** How to complete this task **
None of the pictures should appear; the lines from the line containing "CPAS Asta snodata" through the last line of the listing must be repeated exactly.

** Dataset section **

---

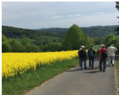
Im „Muggendorfer Gebirge“
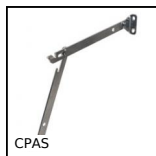
CPAS Asta snodata con fermo di sicurezza, Apertura verso l'altro
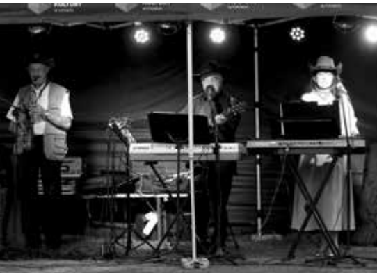
Biesiadę Śląską oraz znakomitą zabawę do końca imprezy zapewnił nam zespół Jorgusie
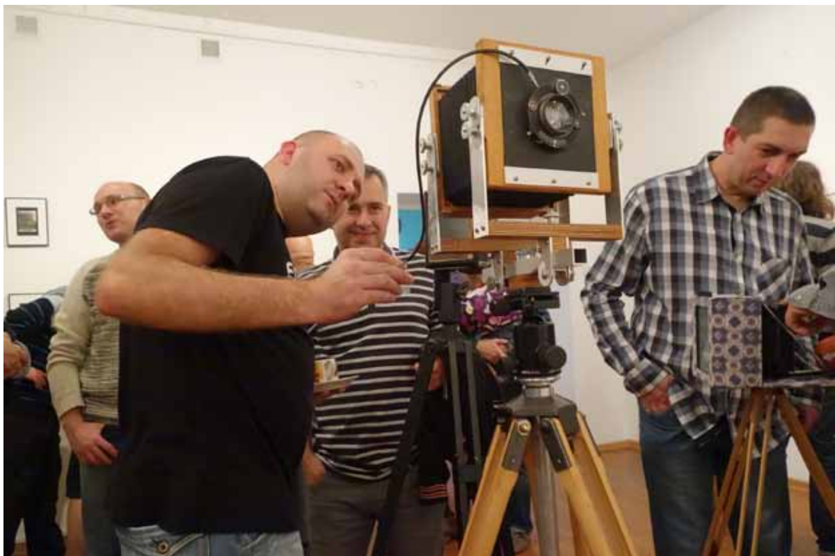
i sprzęt, którym zostały wykonane.

---

** Answer to the problem **
CPAS Asta snodata con fermo di sicurezza, Apertura verso l'altro
Biesiadę Śląską oraz znakomitą zabawę do końca imprezy zapewnił nam zespół Jorgusie
i sprzęt, którym zostały wykonane.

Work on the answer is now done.